Afrololigo
- Conservation status: Least Concern (IUCN 3.1)

Scientific classification
- Kingdom: Animalia
- Phylum: Mollusca
- Class: Cephalopoda
- Order: Myopsida
- Family: Loliginidae
- Genus: Afrololigo Brakoniecki, 1986
- Species: A. mercatoris
- Binomial name: Afrololigo mercatoris (Adam, 1941)
- Synonyms: Lolliguncula mercatoris Adam, 1941

= Afrololigo =

- Genus: Afrololigo
- Species: mercatoris
- Authority: (Adam, 1941)
- Conservation status: LC
- Synonyms: Lolliguncula mercatoris Adam, 1941
- Parent authority: Brakoniecki, 1986

Genus of squids

Afrololigo mercatoris, commonly known as the Guinean thumbstall squid, is a small species of squid in the family Loliginidae from the eastern central Atlantic Ocean. It is the only species in the monotypic genus Afrololigo.

==Description==
Afrololigo mercatoris is a relatively small species of squid where the females reach a mantle length of 50mm and the males attain 35mm. Its mantle is wide, the width being equal to around 35% of the length of the mantle, and blunt at the posterior end. It has short, round fins, equalling 40-45% of the length of the mantle and between 55% and 65% of mantle length in width, with a convex margin at the rear.

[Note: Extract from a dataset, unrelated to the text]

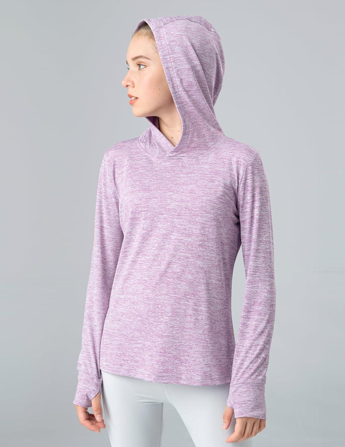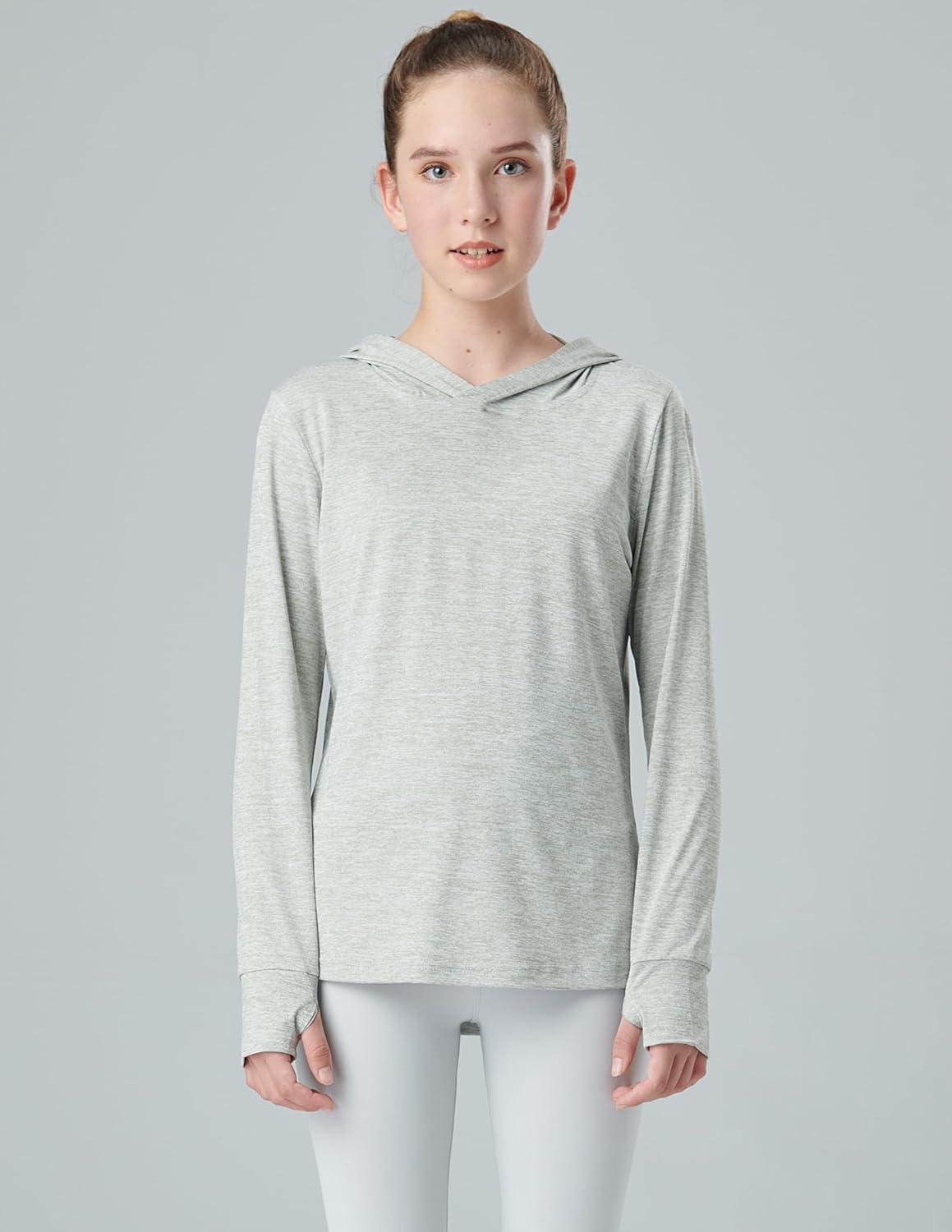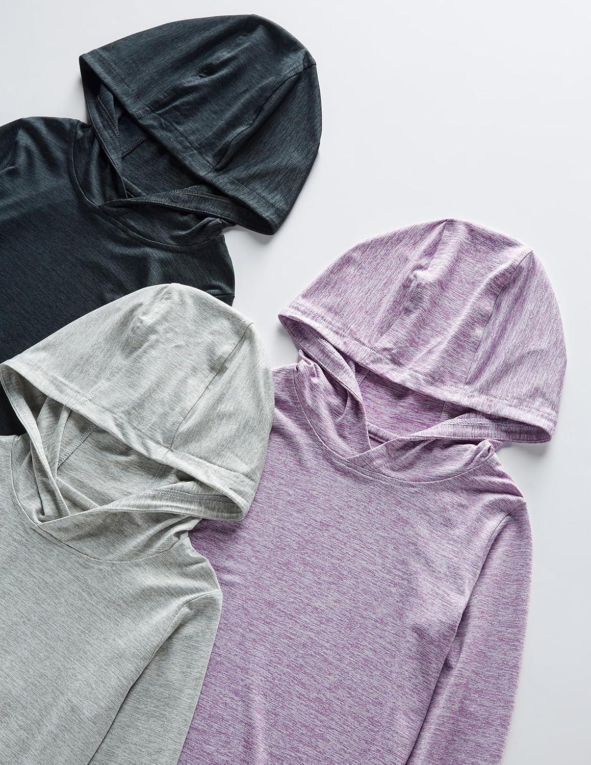 3 Pack Athletic Girls Long Sleeve Shirts with Thumb Holes, Workout Hoodies for Kids, Hooded Shirt Pullover Tops(Black/Lavender/Gray)

The head is short and there are no buccal suckers on the buccal lappets. The tentacular club is small and narrow with suckers which are set out in 4 longitudinal series, 4 or 5 pairs of medial suckers on the central part of the club, the manus which are enlarged when compared to the lateral suckers. The club suckers have rings of 15 to 25 sharp teeth which become more pointed and increase in size towards the tip. Its dorsal arms are very short in comparison with its other arms and in males the left ventral arm is hectocotylized. The arm has 6 to 12 pairs of normal suckers at its base with the suckers replaced towards the tip by elongate papillae, these are more strongly developed in the dorsal row.

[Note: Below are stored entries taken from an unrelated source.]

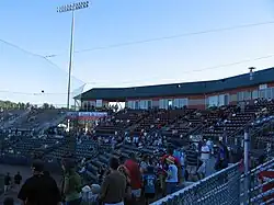 Fan-facing upgrades involved the extension of seating along the left field line, adjacent to and atop the new home clubhouse. Standard field-level seating was extended toward the left field corner, with a rooftop party deck and a premium club lounge built above the clubhouse facility.[24] Renovations expanded seating to a 5,400 capacity, and for the first team, fans can sit in fair territory beyond the outfield wall.
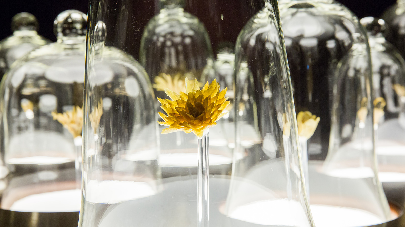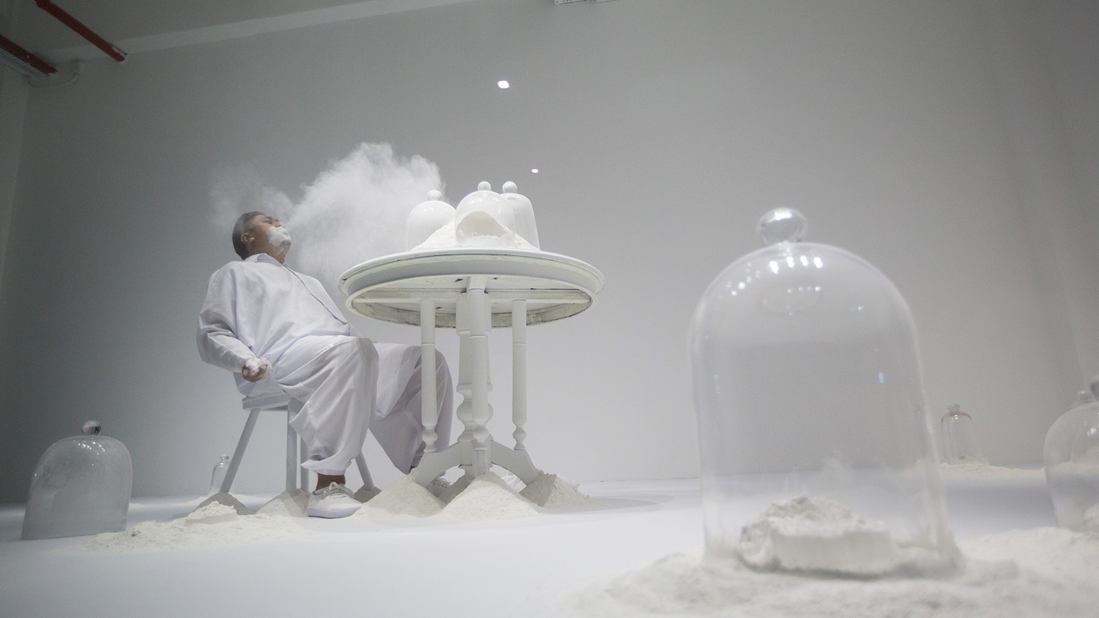 Ezzam is a multi-disciplinary artist, but his mediums of choice are performance and installation art. His artworks for the President's Young Talents consist of fragile, miniature flowers shaped from flakes of dead skin, and ephemeral sculptures that consist of little but talcum powder. Animating these otherwise mute objects, however, is the artist’s living, breathing body. The skin is his own, culled over a period of time from the soles of his feet, and the powder sculptures are remnants of his performances, into which his perspiration is mixed.
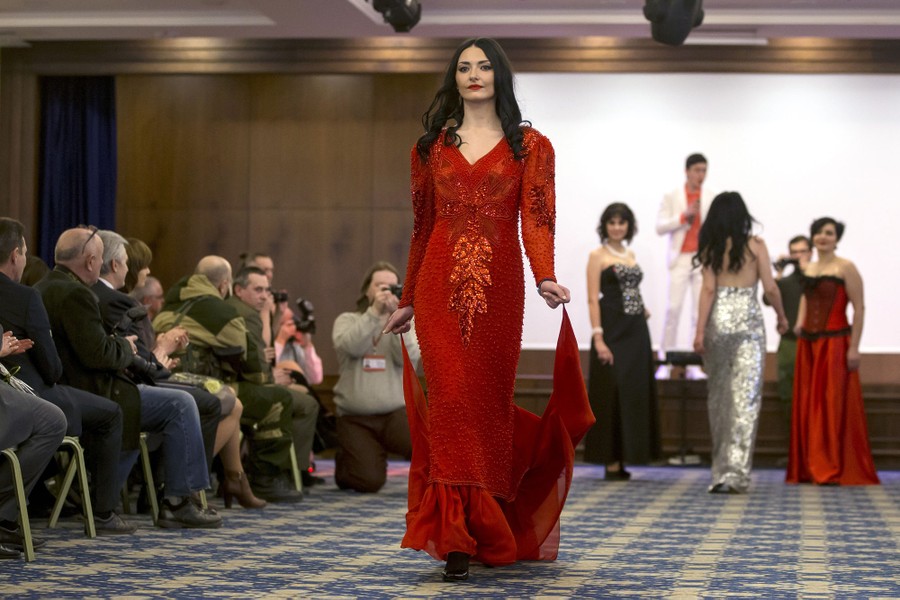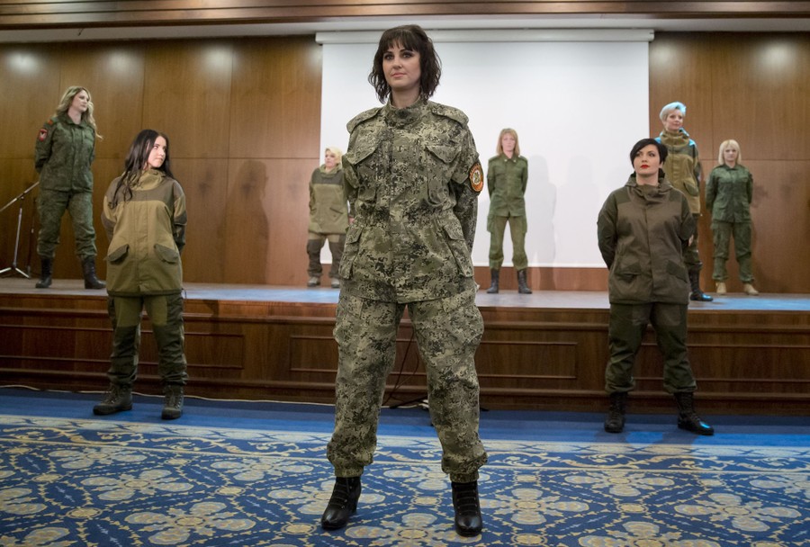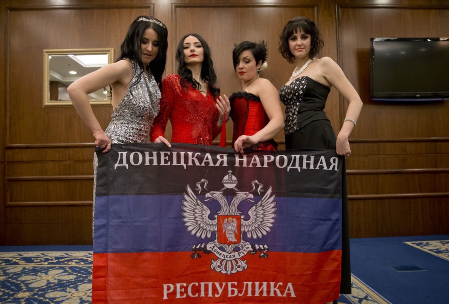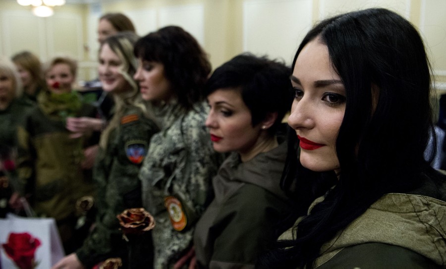 Over the weekend in Ukraine's breakaway republic of Donetsk, self-proclaimed authorities celebrated International Women's Day by holding a beauty pageant. The contestants were all female soldiers fighting with pro-Russian rebels in eastern Ukraine. Presenting portraits of themselves, and modeling in both dresses and military fatigues, the women were later awarded flowers and gifts.
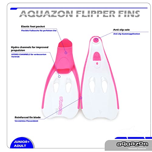 Pinne AQUAZON FLIPPER, pinne da snorkeling, pinne da immersione, pinne da nuoto per bambini, ragazzi, adulti per lo snorkeling e il nuoto in colori alla moda, colour:pink-white, size:27-30

==Distribution and ecology==
Afrololigo mercatoris occurs only off the west coast of Africa from Rio de Oro in Mauritania) to Lüderitz Bay in Namibia. This species is collected from depths of less than 50 m where there are mud and sandy-mud substrates. There is very little data available on its life cycle and biology. The eggs are small and the spermatophores
have long bodies made of cement. This species is not a species of interest to fisheries.

==Taxonomy==
Afrololigo mercatoris shows some morphological similarity with the squids of the genus Lolliguncula, which is where William Adam originbally placed it when he described this species. However, based on morphology, genetic data and distribution Afrololigowas recognised as a distinct monotypic genus. The Red Sea species Uroteuthis abulati was also thought to be close to A. mercatoris.